From 17ef9cc83665b19d5e1d187c27dd109a0b8e91fc Mon Sep 17 00:00:00 2001
From: lroyia <lirh@chinaweal.com.cn>
Date: Wed, 25 Feb 2026 15:55:50 +0800
Subject: [PATCH] =?UTF-8?q?feat:=20=E6=B7=BB=E5=8A=A0=20GLM-OCR=20?=
 =?UTF-8?q?=E8=AF=86=E5=88=AB=E5=8A=9F=E8=83=BD?=
MIME-Version: 1.0
Content-Type: text/plain; charset=UTF-8
Content-Transfer-Encoding: 8bit

- 新增 OCR 服务模块支持文字/表格/公式识别
- 添加 OCR API 路由（文件上传和 base64 方式）
- 更新配置以支持 GLM-OCR 模型
- 添加必要的依赖项（torch, transformers, accelerate）
---
 .env.example                |   8 +-
 requirements.txt            |   8 +-
 src/api/__init__.py         |   5 +-
 src/api/ocr.py              | 191 +++++++++++++++++++++
 src/core/config.py          |   6 +-
 src/main.py                 |   9 +-
 src/services/__init__.py    |   5 +-
 src/services/ocr_service.py | 325 ++++++++++++++++++++++++++++++++++++
 8 files changed, 550 insertions(+), 7 deletions(-)
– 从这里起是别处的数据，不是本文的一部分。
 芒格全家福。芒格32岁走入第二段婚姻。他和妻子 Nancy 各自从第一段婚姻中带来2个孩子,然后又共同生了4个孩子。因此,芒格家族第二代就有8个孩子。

 create mode 100644 src/api/ocr.py
 create mode 100644 src/services/ocr_service.py

diff --git a/.env.example b/.env.example
index 3bbe1b3..c165d3d 100644
--- a/.env.example
+++ b/.env.example
@@ -11,4 +11,10 @@ PORT=8000
 DATABASE_URL=sqlite:///./app.db
 
 # Security
-SECRET_KEY=your-secret-key-here-change-in-production
\ No newline at end of file
+SECRET_KEY=your-secret-key-here-change-in-production
+
+# GLM-OCR Model
+# 模型路径: 可以是 Hugging Face 模型 ID (如 zai-org/GLM-OCR)
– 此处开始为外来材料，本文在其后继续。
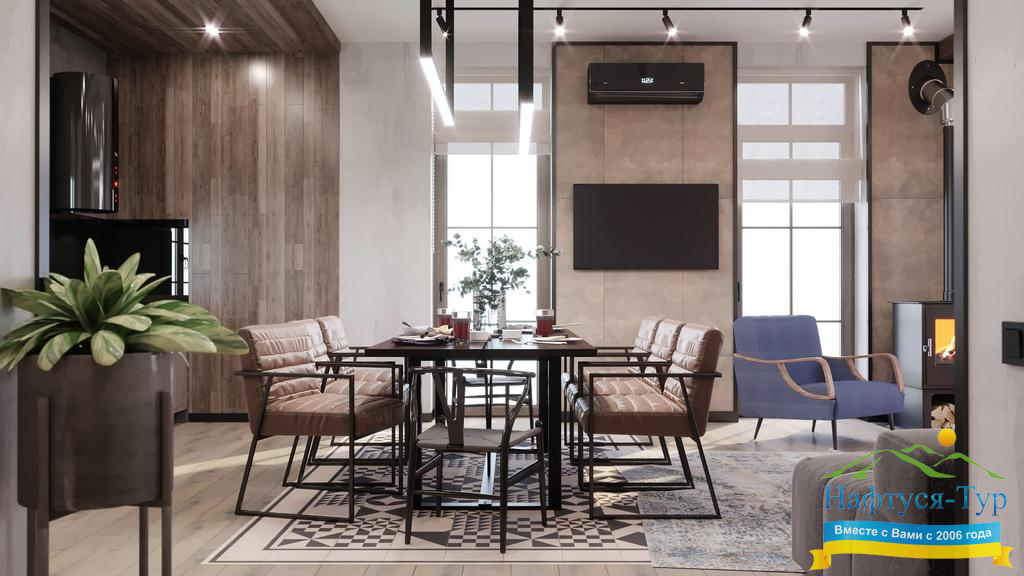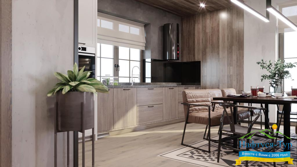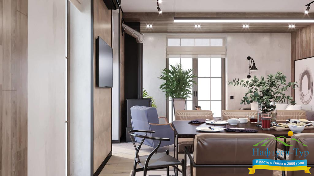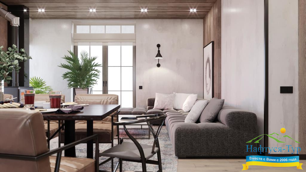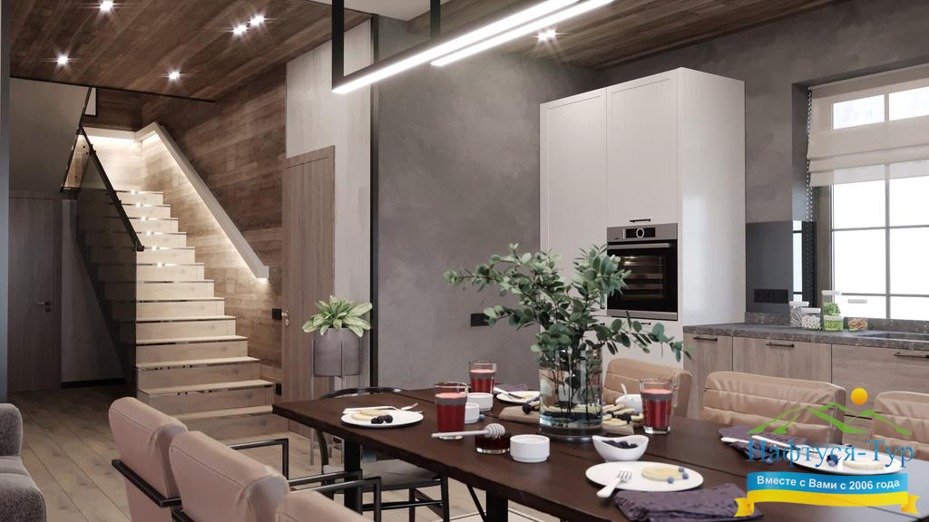 Это современный, просторный дом в котором комфортно разместиться компании из 8-ми человек.

+# 或本地路径 (如 /path/to/local/model)
+MODEL_PATH=zai-org/GLM-OCR
+MODEL_DEVICE=auto
diff --git a/requirements.txt b/requirements.txt
index 5487565..48e4dd0 100644
--- a/requirements.txt
+++ b/requirements.txt
@@ -20,4 +20,10 @@ python-multipart==0.0.12
 httpx==0.27.2
 
 # Utils
-orjson==3.10.12
\ No newline at end of file
+orjson==3.10.12
+
+# GLM-OCR Dependencies
+torch>=2.0.0
+transformers>=4.40.0
+Pillow>=10.0.0
+accelerate>=0.30.0
diff --git a/src/api/__init__.py b/src/api/__init__.py
index 699e93e..6464232 100644
--- a/src/api/__init__.py
+++ b/src/api/__init__.py
@@ -1 +1,4 @@
-# api package
\ No newline at end of file
+# api package
+from src.api.ocr import router as ocr_router
+
+__all__ = ["ocr_router"]
diff --git a/src/api/ocr.py b/src/api/ocr.py
new file mode 100644
index 0000000..a18ef5f
--- /dev/null
+++ b/src/api/ocr.py
@@ -0,0 +1,191 @@
+"""OCR API endpoints."""
+
+import base64
+import logging
+from enum import Enum
+from io import BytesIO
+from typing import Optional
+
+from fastapi import APIRouter, File, Form, HTTPException, UploadFile
+from fastapi.responses import JSONResponse
+from pydantic import BaseModel
+
+from src.services.ocr_service import get_ocr_service
+
+logger = logging.getLogger(__name__)
+
+router = APIRouter(prefix="/ocr", tags=["OCR"])
+
+
+class OCRTType(str, Enum):
+    """OCR 识别类型枚举。"""
+    text = "text"
+    table = "table"
+    formula = "formula"
+
+
+class OCRRequest(BaseModel):
+    """OCR 请求模型（用于 base64 图像）。"""
+    image_base64: str
+    ocr_type: OCRTType = OCRTType.text
+    max_new_tokens: int = 4096
+
+
+class OCRResponse(BaseModel):
+    """OCR 响应模型。"""
+    success: bool
+    text: Optional[str] = None
+    error: Optional[str] = None
+
+
+@router.post("/recognize", response_model=OCRResponse)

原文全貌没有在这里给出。